GPT and Interpolation-Based Data Augmentation for Multiclass Intrusion Detection in IIoT

The absence of essential security protocols in Industrial Internet of Things (IIoT) networks introduces cybersecurity vulnerabilities and turns them into potential targets for various attack types. Although machine learning has been used for intrusion detection in the IIoT, datasets with representative data of common attacks of IIoT network traffic are limited and often imbalanced. Data augmentation techniques address these problems by creating artificial data in classes with fewer samples. In this work, we evaluate the use of data augmentation when training intrusion detection models based on IIoT traffic data. We compare Generative Pre-trained Transformers (GPT) and variations on the Synthetic Minority Over-sampling TEchnique (SMOTE) and evaluate their capability to enhance intrusion detection performance. We examine the performance of five intrusion detection algorithms when trained with augmented datasets to models trained with the original non-augmented dataset. To ensure a fair comparison, we evaluated the algorithms’ performance in the different scenarios using the same test dataset, which does not contain synthetic data.
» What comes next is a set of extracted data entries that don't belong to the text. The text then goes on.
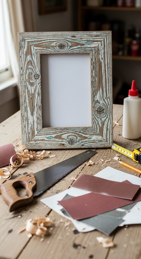 Salvage barnwood from demolition sites or buy pre-cut pieces online. Distress metal accents with sandpaper for a weathered patina. Capitalize on SEO terms like “farmhouse metal decor” or “rustic industrial frames.”
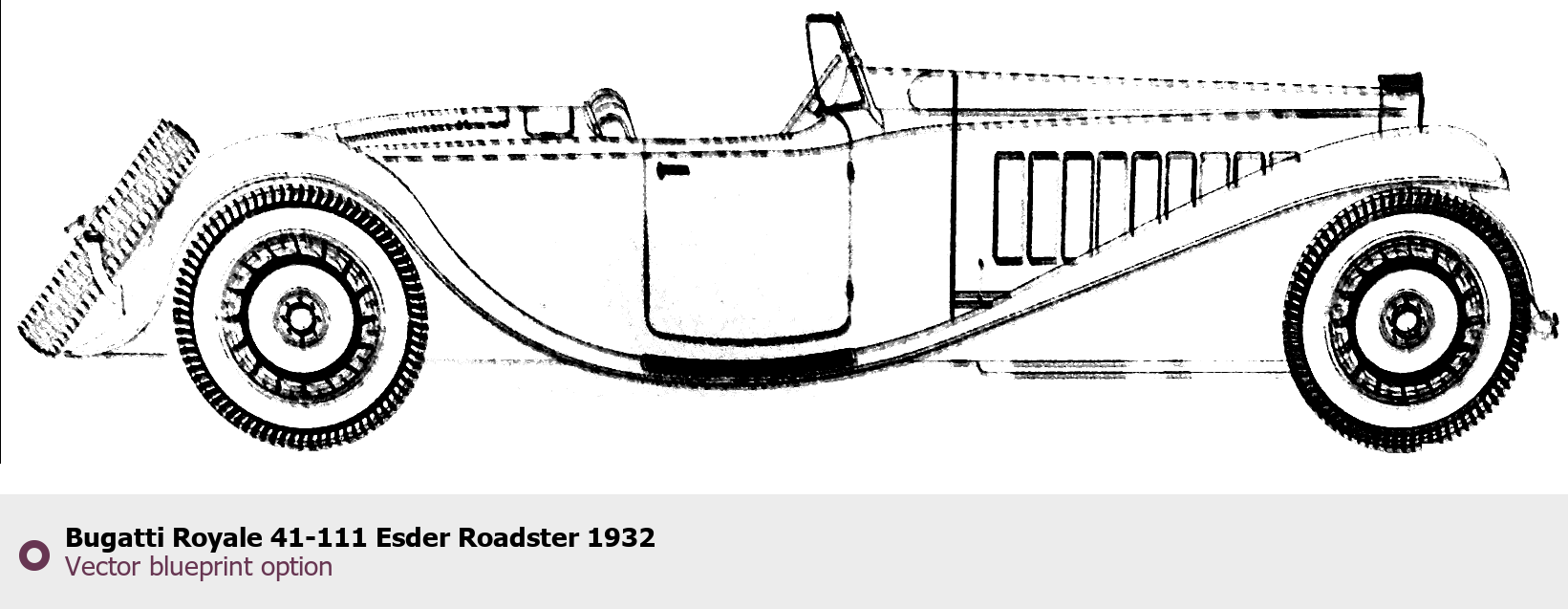Raster blueprint of the 1932 Bugatti Royale 41-111 Esder Roadster Roadster. This free downloadable image can be used for graphic projects, digital design, and 3D modeling. The file provides accurate exterior proportions of the vehicle. Model year: 1932. Body type: Roadster.
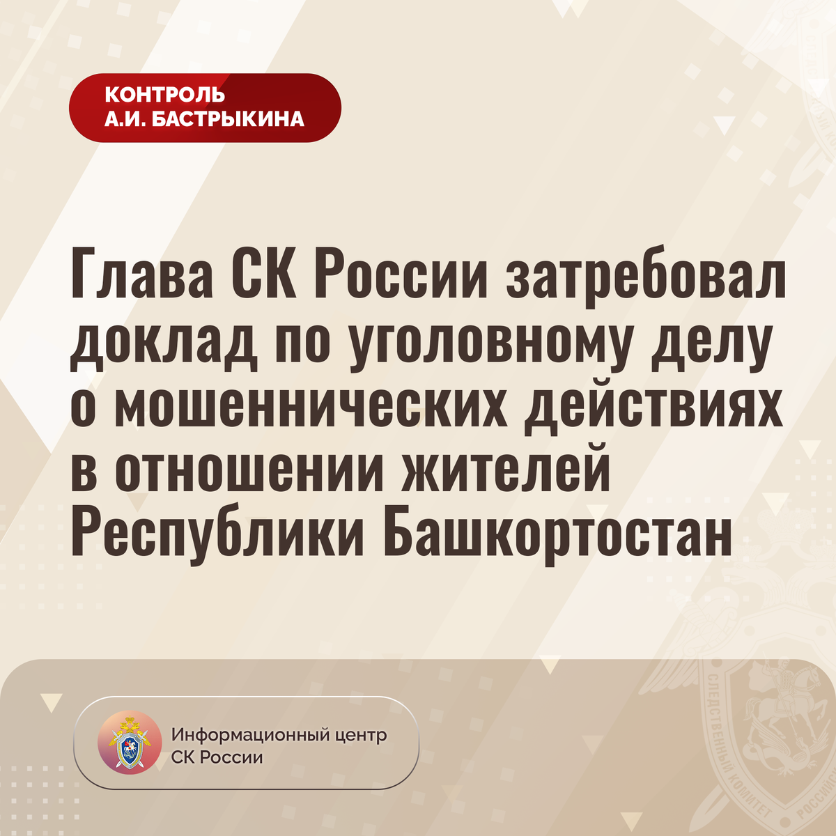 Глава СК России затребовал доклад по уголовному делу о мошеннических действиях в отношении жителей Республики Башкортостан
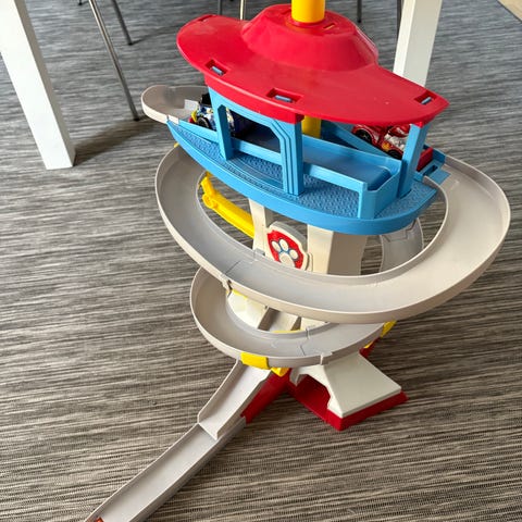 Det stora tornet från Paw Patrol med olika fordon. Tornet har ljud. Mindre märken på parkeringsplatserna (se separat bild).
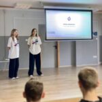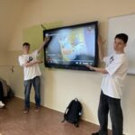 Podczas spotkań dwie anglistki – pani Alicja Goliszewska i pani Iwona Noga-Bardyńska – wraz z czwórką naszych uczniów: uczennicami klasy 3a LO- Kingą i Wiktorią oraz uczniami technikum z klas o profilu mechatronicznym – Dominikiem i Mikołajem, zaprezentowały bogaty wachlarz kierunków kształcenia dostępnych w ZSME.
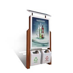 Cubo de basura de metal de calle con pantalla de visualización de publicidad cubo de basura de acero galvanizado
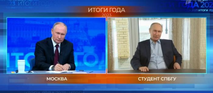 俄总统2023年年度记者会上,主持人播放了一段带有普京影像和声音的合成视频,画面左侧为普京,右侧为合成人像。图片来源:俄罗斯第一频道截图
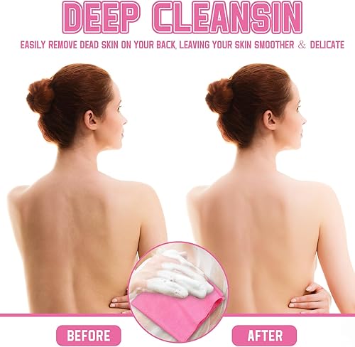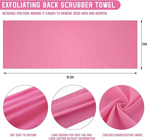 Package Information: what you get are 4 pieces of exfoliating washcloths, coming with 4 different colors, including pink, blue, yellow and green, allowing you to choose as you like, and each of them is about 35.43 x 13 inches/ 90 x 33 cm, convenient to clean your back
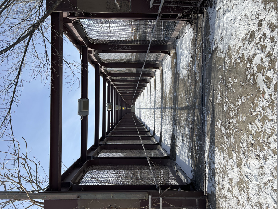 A tall, open-air metal bridge extends into the distance, its brown structure framing a blue sky on the left. Bare tree branches reach into the frame. The bridge's walkway is partially covered in snow. A concrete barrier lines the right side, also marked with snow and what appears to be discoloration. Electrical boxes are attached to the bridge's supports on the left. The perspective creates a strong sense of depth as the bridge converges in the distance.
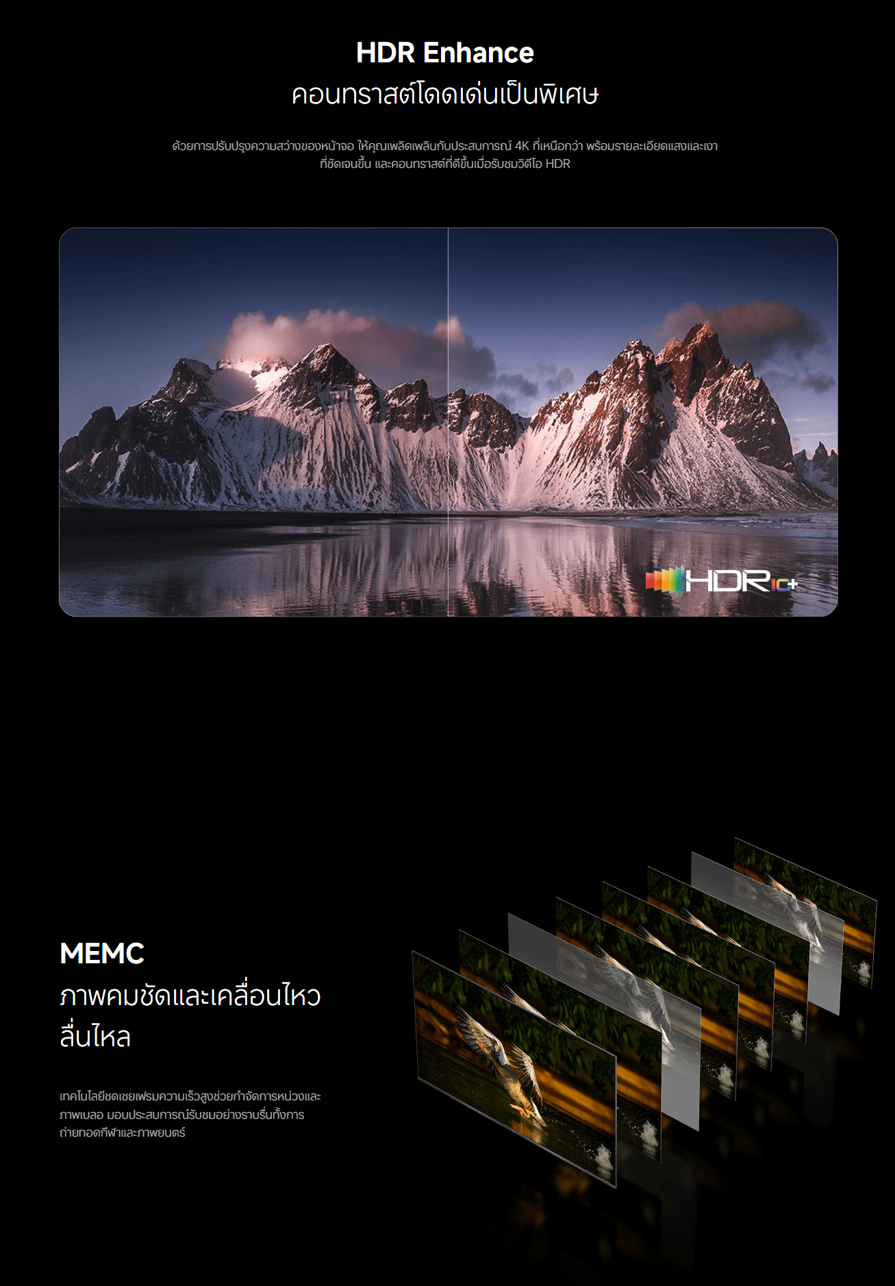 ✅ MEMC technology ช่วยให้ภาพเคลื่อนไหว smooth ไม่ว่าจะดูหนัง กีฬา หรือเล่นเกมส์

The results show the need for a systematic evaluation before employing data augmentation, as its impact on classification performance depends on the algorithm, data, and used technique. While deep neural networks benefit from data augmentation, the eXtreme Gradient Boosting (XGBoost), which achieved superior performance in intrusion detection between all evaluated classifiers (with F1-Score over 91%), didn’t have any performance improvement when trained with augmented data. The evaluation of data generated by GPT-based methods shows such methods (especially GReaT) generate invalid data for both numerical and categorical features in a way that leads to performance degradation in multiclass classification.